» EXERCISE REQUIREMENTS:
Using the data below, print exactly the line with "Vintage 80s Levi's", the line with "Требования к качеству", and every line between them, but none of the pictures.

» DATASET RECORDS:
+++++

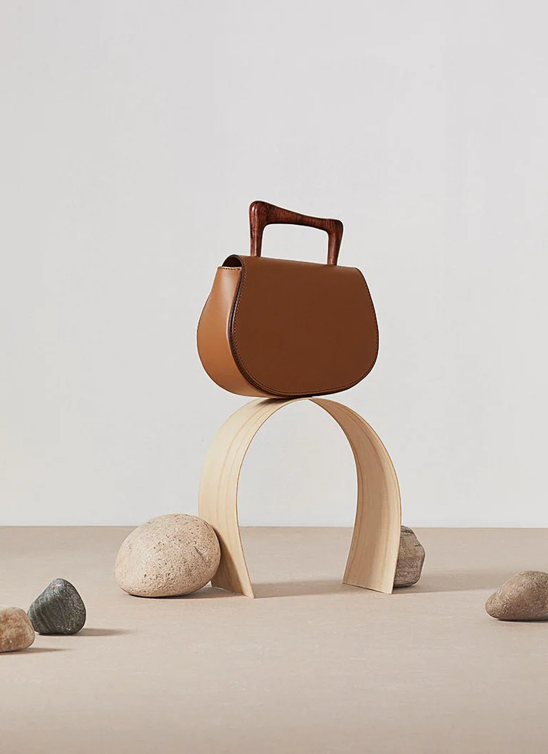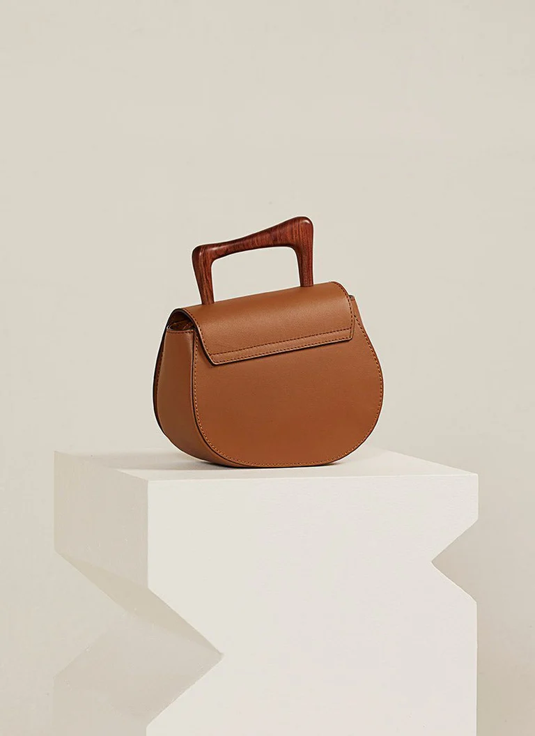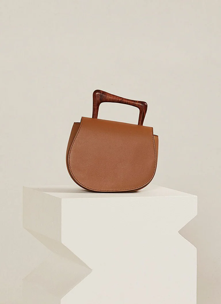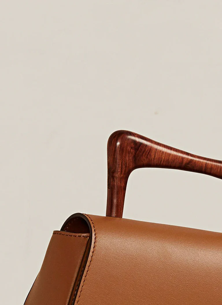 Pega em Madeira Artesanal: Equipada com uma pega em madeira cuidadosamente trabalhada, este detalhe artesanal enriquece o design da mala , oferecendo um contraste de texturas e reforçando a herança artesanal da marca.
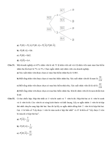 A B thỏa mãn PB 0,7; P A B 0, 2 thì P A | B bằng: 5 1 7 2 A. . B. . C. . D. . 7 2 50 7 Câu 6.
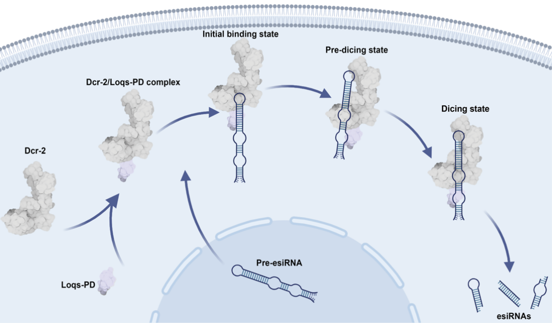 Dcr-2/Loqs-PD复合物加工pre-esiRNA的模型
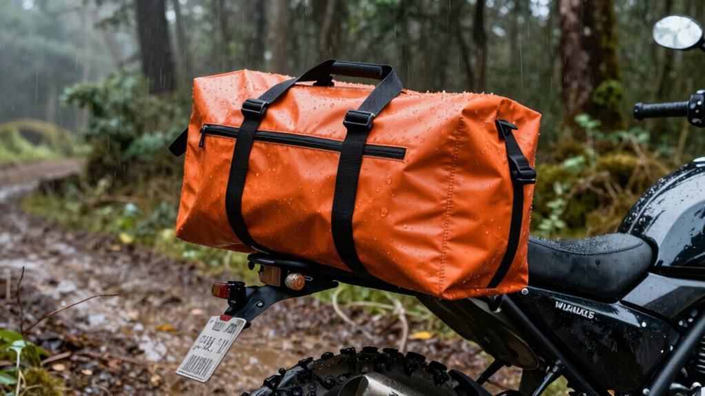 Choosing a waterproof motorcycle duffel bag begins with evaluating the quality of its materials, as this directly impacts how well it protects your gear. High-quality bags are generally made from durable materials like PVC, tarpaulin, or reinforced nylon, which resist water ingress effectively. The best fabrics feature seamless welding or high-frequency heat sealing, preventing leaks at seams and joints. Material thickness, such as 500D or 1000D, also matters—thicker fabrics offer greater resistance to tears, abrasions, and water penetration. Additionally, UV resistance and environmental durability confirm the bag withstands sunlight and harsh weather without degrading. Features like roll-top closures, waterproof zippers, and sealed seams are essential, as they work together to keep your gear dry even during heavy rain or submersion.
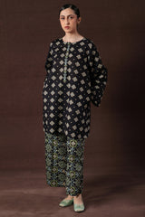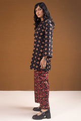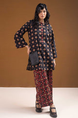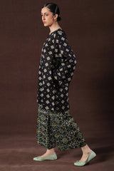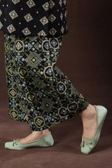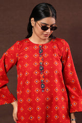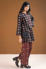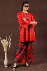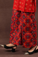 A vibrant Ajrak-printed short shirt with a round neckline and front button placket, paired with classic printed culottes for a chic, coordinated look.
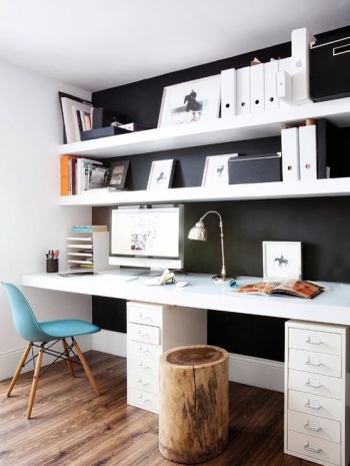 Častým problém domácích pracoven je umístění. Máte-li k dispozici v bytě či domě výklenek, využijte jej, je to trend, který se v současnosti těší velké oblibě. Takové umístění pracovny je ideální pro jednu osobu. Do poliček ve výklenku využijte spodní podsvícení, vypadá velmi zajímavě a vhodně doplní osvětlení stolní lampy.
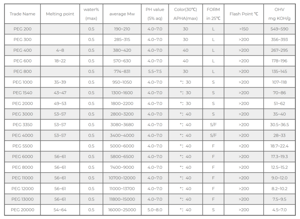 PEG-200 hanggang PEG-600: Mababang timbang ng molekular, likido. Ang mga ito ay may mababang lagkit at mahusay na solubility sa tubig, at karaniwang ginagamit bilang mahusay na mga solvent, plasticizer at humectants, na malawakang inilalapat sa mga kosmetiko at pharmaceutical na likidong paghahanda.
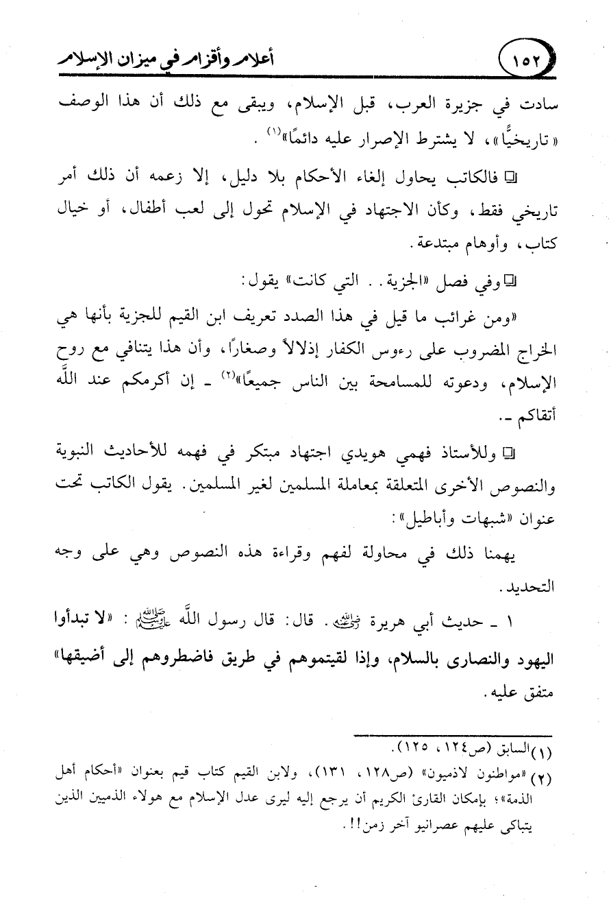 (2) "مواطنون لا ذميون" (ص 128، 131)، ولابن القيم كتاب قيم بعنوان "أحكام أهل الذمة"؛ بإمكان القارئ الكريم أن يرجع إليه ليرى عدل الإسلام مع هؤلاء الذميين الذين يتباكى عليهم عصرانيو آخر زمن!!.
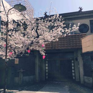 昭和感溢れるお風呂屋さんの前に桜。行くに決定。
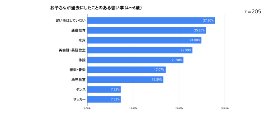 「習い事について」アンケートの結果をご紹介しました。いつからお子さんの習い事を始めるか、どんな習い事がいいのか、悩んでいる方の参考になれば幸いです。
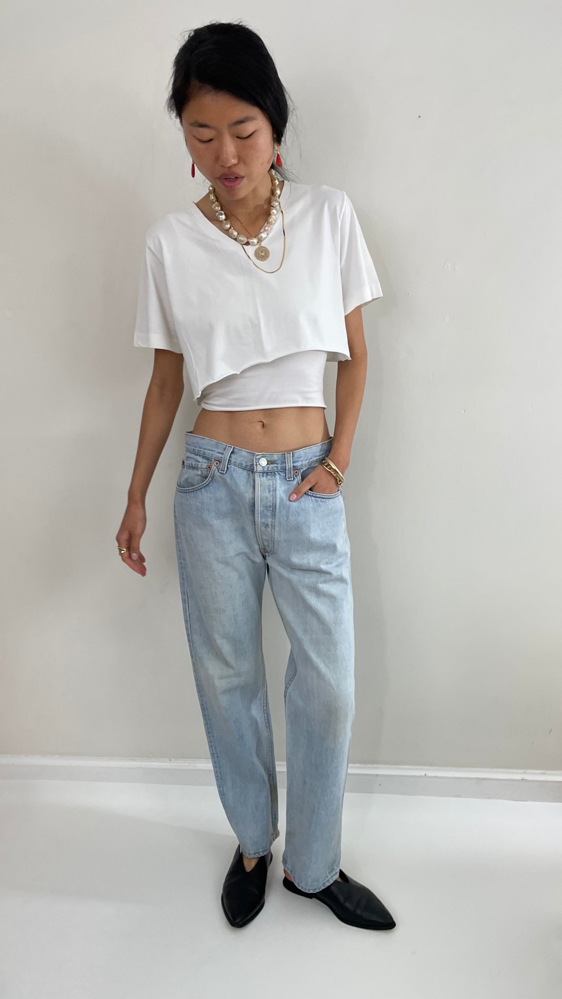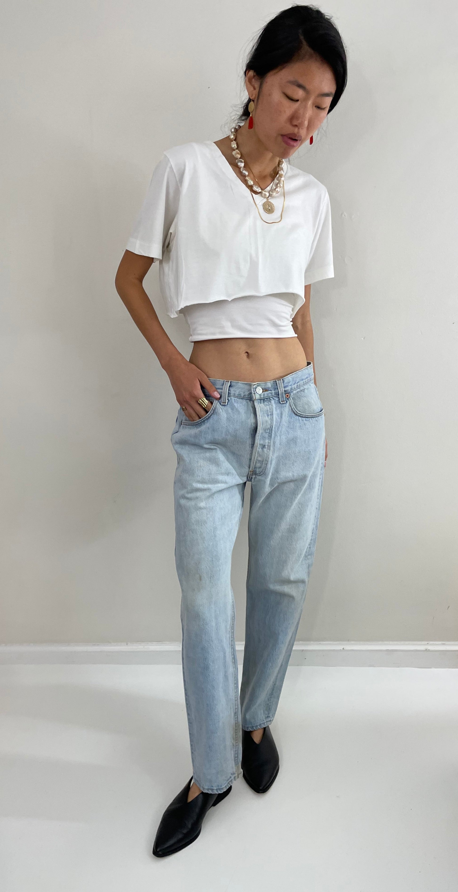 Vintage 80s Levi's 501 jeans with soft, naturally and evenly faded stonewash denim.
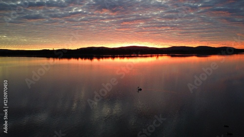 © lhoste, Naklejka premium Pelican at Dusk Over Reflective Lake
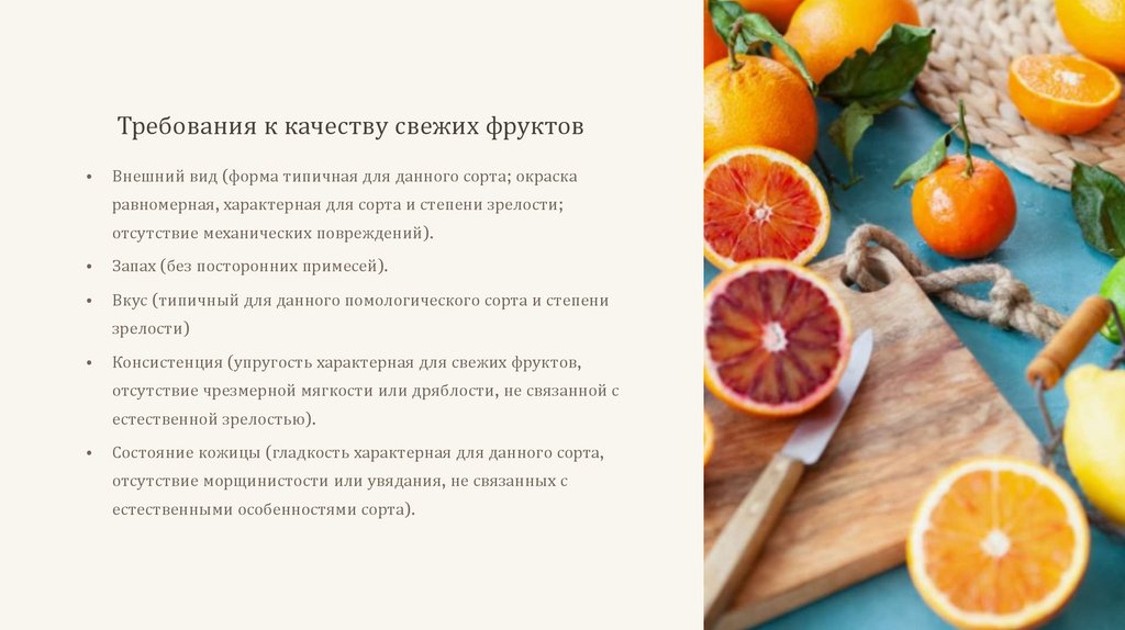 Требования к качеству свежих фруктовВнешний вид (форма типичная для данного сорта; окраска
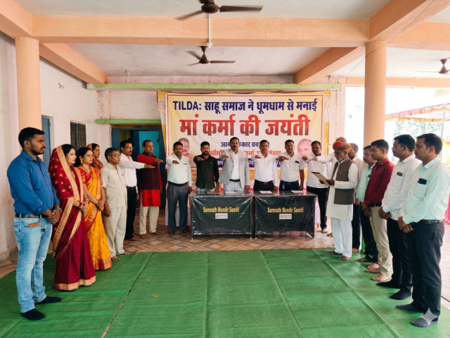 तिल्दा नेवरा: सोमनाथ धाम कर्मा मंदिर प्रांगण में रविवार को साहू समाज की आराध्य देवी की 1010 वीं जयंती मनाई गई जिसमें सर्वप्रथम मां कर्मा की पूजा अर्चना करने के बाद पहुंचे अतिथियों का स्वागत वंदन कर बच्चों के द्वारा मनमोहक प्रस्तुति दिया गया। अतिथि के रूप में तहसील साहू संघ के संरक्षक पोषण साहू , उपाध्यक्ष गिरेंद्र साहू , परिक्षेत्र अध्यक्ष संतोष साहू , डागेश्वर साहू,पवन साहू , मनोहर साहू,मंदिर समिति परम संरक्षक तुला राम साहू उपस्थित रहे। अतिथियों ने अपने उद्बोधन में सामाजिक एकता जोड़ दिया।इस अवसर पर मंदिर समिति के संरक्षक भरत साहू , अध्यक्ष माखन साहू, उपाध्यक्ष रूपकुमार साहू, सचिव डॉ तखत साहू ,सह सचिव परमेश्वर साहू , कोषाध्यक्ष बेनी राम साहू , अंकेक्षक रामेश्वर साहू, डॉक्टर शिव कुमार साहू तखत राम साहू ,रंजीत साहू,अरुण साहू युगल किशोर साहू, सोनम साहू, रतनी साहू, दुष्यंत साहू,मुकेश साहू , परमेश्वर साहू ,सहित भारी संख्या में सामाजिक जन उपस्थित रहे।

+++++

» TASK SOLUTION:
 Vintage 80s Levi's 501 jeans with soft, naturally and evenly faded stonewash denim.
 © lhoste, Naklejka premium Pelican at Dusk Over Reflective Lake
 Требования к качеству свежих фруктовВнешний вид (форма типичная для данного сорта; окраска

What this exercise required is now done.